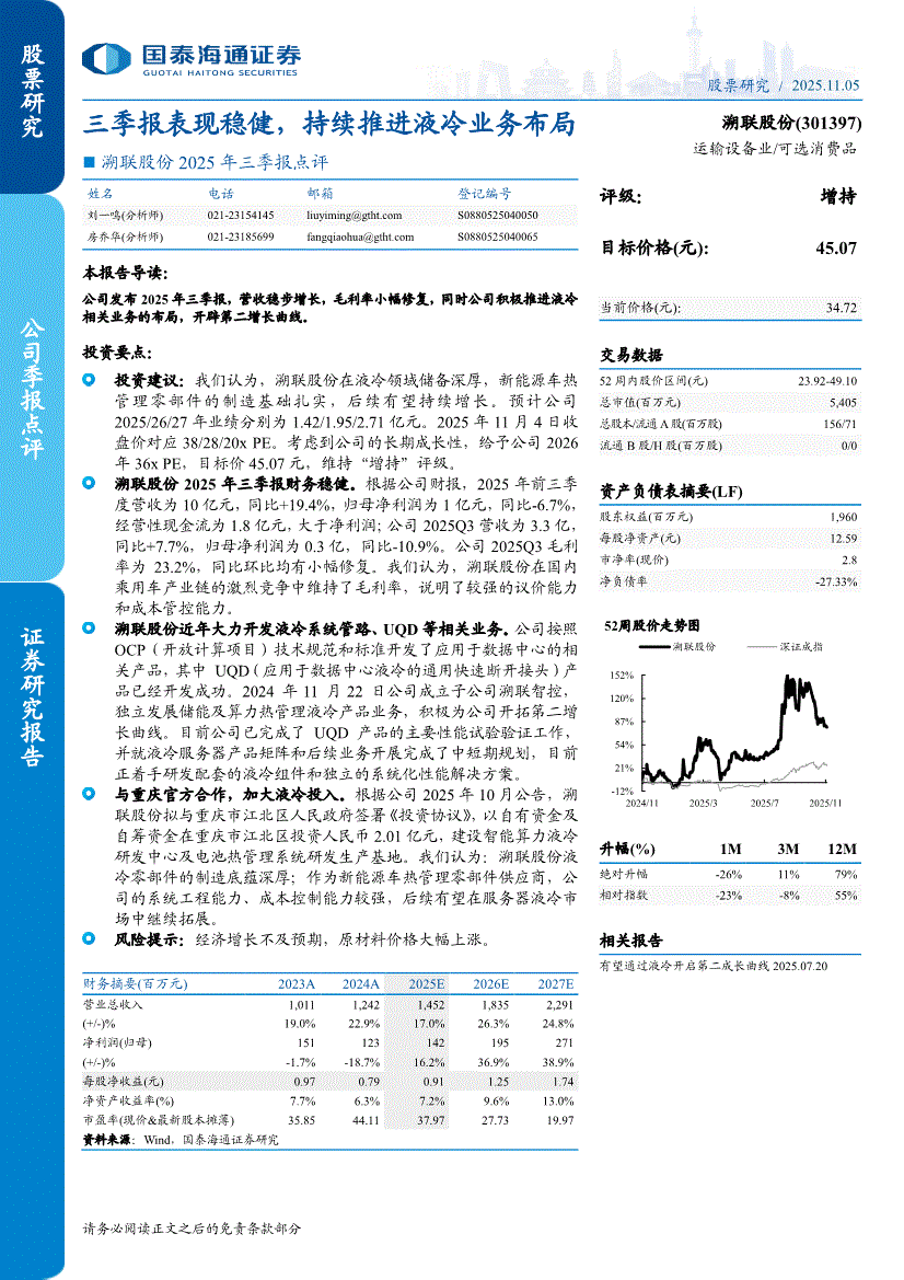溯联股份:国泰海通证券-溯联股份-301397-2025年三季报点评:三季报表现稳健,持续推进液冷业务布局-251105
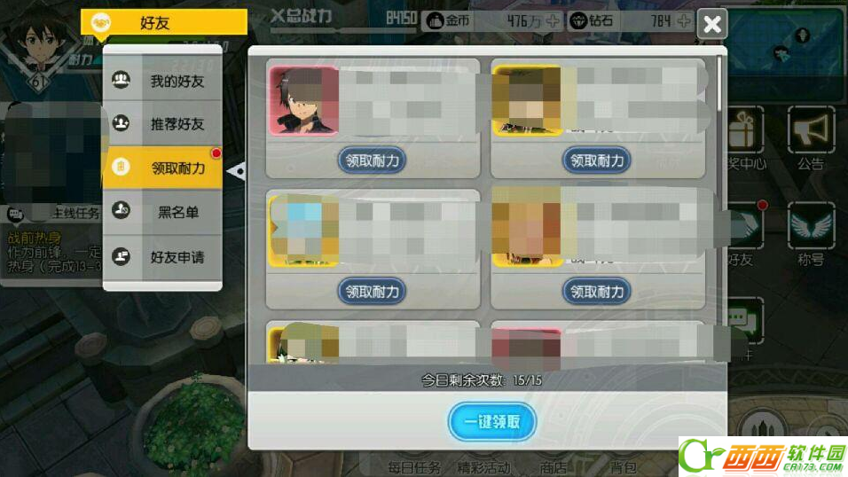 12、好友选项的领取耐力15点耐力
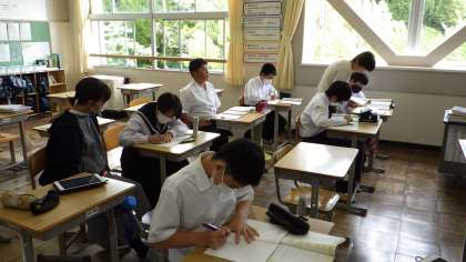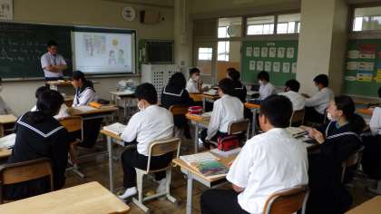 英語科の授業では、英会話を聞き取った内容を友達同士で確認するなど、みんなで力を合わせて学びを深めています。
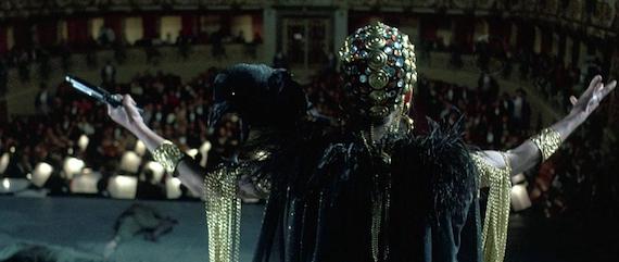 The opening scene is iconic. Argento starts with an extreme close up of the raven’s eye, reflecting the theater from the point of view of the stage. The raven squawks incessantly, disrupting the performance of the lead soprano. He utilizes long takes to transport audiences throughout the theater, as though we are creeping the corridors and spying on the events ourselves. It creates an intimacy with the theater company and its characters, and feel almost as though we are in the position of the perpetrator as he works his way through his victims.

****************************************

EXERCISE DESCRIPTION:
The output is the lines from the start of the data above through the line containing "英語科の授業では、英会話を聞", unchanged, with any picture left out.

RESULT FOR THIS EXERCISE:
溯联股份:国泰海通证券-溯联股份-301397-2025年三季报点评:三季报表现稳健,持续推进液冷业务布局-251105
 12、好友选项的领取耐力15点耐力
 英語科の授業では、英会話を聞き取った内容を友達同士で確認するなど、みんなで力を合わせて学びを深めています。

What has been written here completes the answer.